Rona Arato is an award-winning author of over 20 children’s book. Her book, The Last Train recounts her husband’s experiences during the Holocaust and the twist of fate that reunited him with his liberators. It won numerous awards including the Norma Fleck Award as the best Canadian children’s non-fiction book of 2014. Her latest book, The Ship to Nowhere, is about the Exodus 1947, the ship that helped launch the State of Israel, was designated as a Sydney Taylor Notable Book for Older Children by the Association of Jewish Libraries.
Rona’s articles have appeared in Canada, the United States, and England. She has worked as a public relations consultant and conducted business-writing seminars, and taught creative writing for the Toronto Board of Education. From 1994-1998, she interviewed Holocaust survivors for Steven Spielberg’s Survivors of the Shoah Visual History Foundation.
The Last Train: A Holocaust Story
The hardest decision to make, when introducing children to the history of the Holocaust, is when a child is old enough to understand the horrors that were perpetrated. Most young people become familiar with the events around age twelve through Anne Frank’s writings or Lois Lowry’s Number the Stars. Arato, in the fictionalized account of her husband’s life experience, has brought the actual experience of the concentration camp to a slightly younger audience. Arato’s husband, Paul, was rounded up from his Hungarian village in the days before D-Day, therefore his time in captivity was shorter than some prisoners. He was also part of a somewhat “privileged” group of prisoners who were designated by Adolf Eichmann to be held in case they were needed for a prisoner exchange. Despite these factors, Paul and his family were transported as slave labor to work on a farm and, ultimately, transferred to Bergen Belsen in the last days of the war. Paul’s treatment was inhumane but survivable. He was able to remain with his ailing mother and brother and even make contact with his uncle in another part of the camp. Arato touches on Paul’s encounters with stacks of dead prisoners and a child being shot to death for the “crime” of having a happy birthday. These horrors are touched on, but not lingered upon. The conclusion, in which a grown-up Paul meets his liberators and, after years of silence, tells his story is an emotionally moving conclusion. Honestly, this is the best true chapter book I have read on the Holocaust in quite some time. The fictionalization places enough distance between the young reader and the truth to make it palatable, yet the facts are undeniably present for discussion. With witnesses dying every day, every documentary such as this is critical. 2013, Owl Kids, Ages 10 up, $15.95. Reviewer: Lois Rubin Gross (Children’s Literature).

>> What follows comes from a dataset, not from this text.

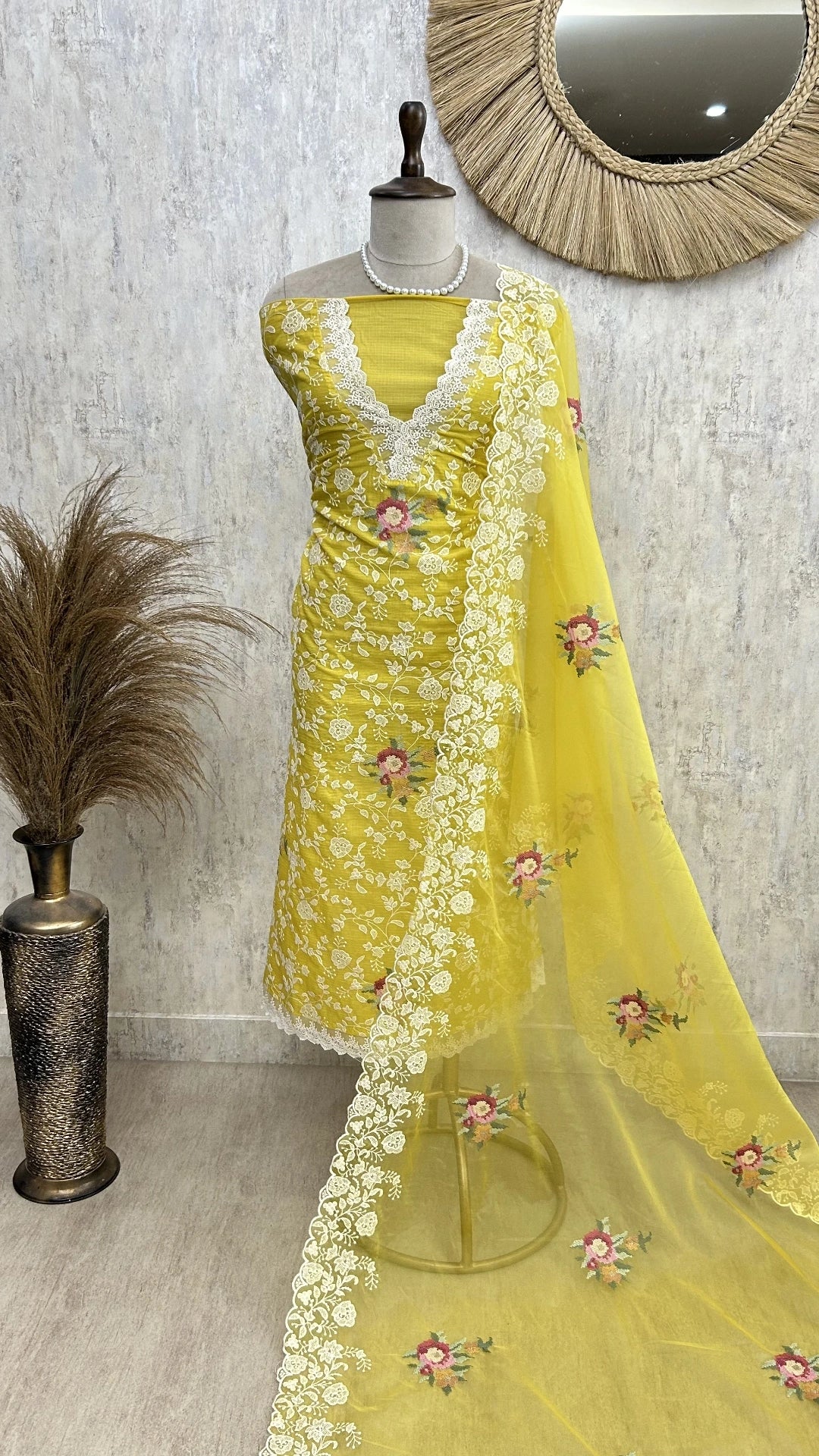 The kurta fabric features traditional cross-stitch motifs that add a splash of color and texture, while the soft Kota weave ensures breathability—ideal for warm weather and casual daywear. The matching bottom fabric and coordinated embroidered dupatta complete the look, offering a graceful and cohesive ensemble.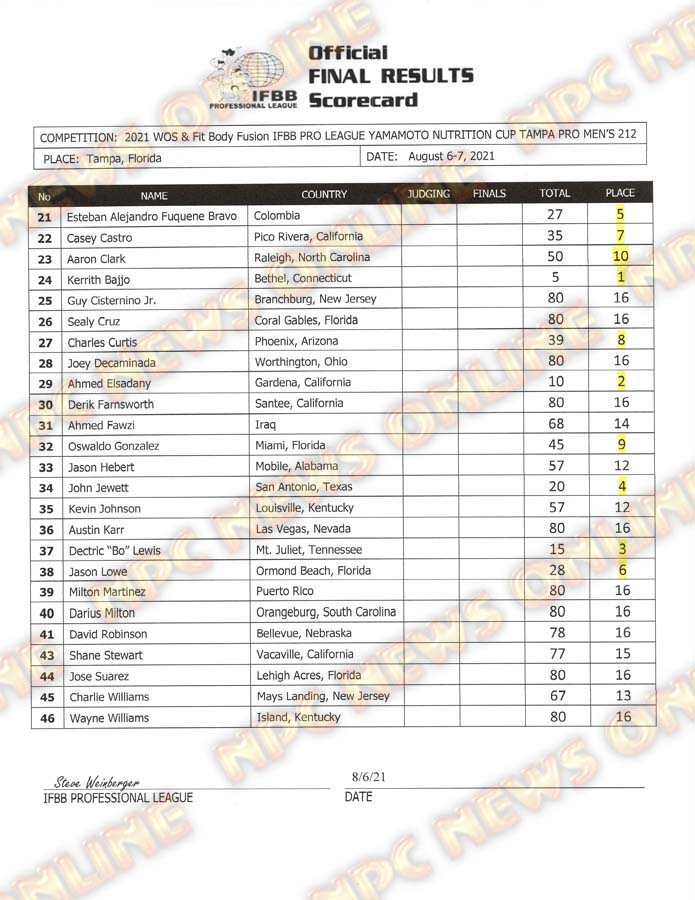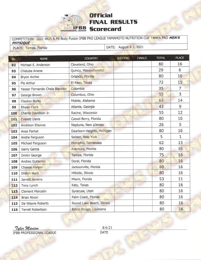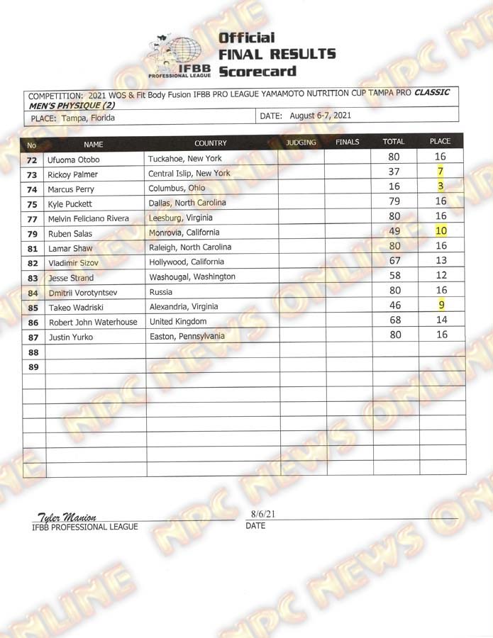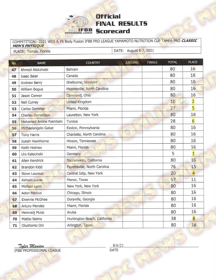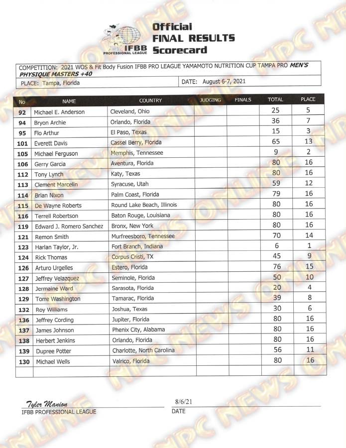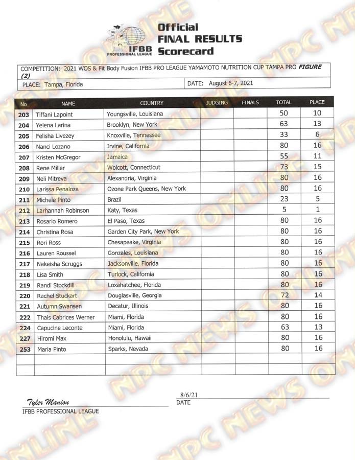 2021 IFBB Tampa Pro Official Day One Score Cards August 6, 2021August 6, 2021Articles, Contest Scorecards, Featured, Features, Reports SHARE Facebook Twitter Pinterest

The Ship to Nowhere: On Board the Exodus
Rachel Landesman is eleven years old when she, her mother and sister are crammed on board the Exodus, a dilapidated vessel smuggling 4500 Jewish refugees risking their lives to reach Palestine, their biblical homeland. Despite all they had suffered during the Holocaust, Jewish refugees are still not wanted in many countries. Even a Canadian immigration officer famously said at the time “None is too many” when asked how many refugees Canada would take in. Nonetheless, Rachel and the other refugees refuse to give up hope when war ships surround them. Their fight, and the worldwide attention it brought, influenced the UN to vote for the creation of the state of Israel. Made famous by the Paul Newman film “Exodus”, this is the first book for young people about the ship that helped make history.
Sammy and the Headless Horseman
Thanks to his Aunt Pearl, eleven-year-old Sammy is stuck in the Catskill Mountains for the summer with his awful cousin Joshua. While he doesn’t relish the idea of getting to know his new stepmom, at least he’d have his gang to hang out with in New York if he got to stay there instead. But when Sammy realizes he was brought on to be hired help at the hotel, he makes the most of it and enjoys bunking with his teenage co-worker, Adam. Trouble seems to follow Sammy as he becomes entangled in a series of mysterious occurrences, including a terrifying headless horseman who seems to be haunting the reclusive “Hermit” at the top of the neighbouring hill. Sammy and his new friends form a team called “The Ichabods” to crack the mystery.
Rona’s presentations are geared to students in grades four to eight. She uses an interactive reading/discussion format to involve children and excite their curiosity. She links stories to current issues such as immigration and social responsibility. A theme that runs through much of her work is that one person can, and often does, make a significant difference. By involving the children in examining these issues, she helps them think about the way they interact with friends, family and the community at large.
The Last Train Presentation:
The Last Train: A Holocaust Story is the culmination of five years of research into one of the most heartening events of World War II. The book’s journey began with an email from Rona’s son, Daniel. The email said, “Mom, read this article and then show it to Dad.” The article was titled “A Train Near Magdeburg.” The instant she opened the link, she knew the article was about the death train from which her husband Paul, then a child, his brother Oscar, and their mother Lenke were liberated by the U.S. Ninth Army on April 13, 1945.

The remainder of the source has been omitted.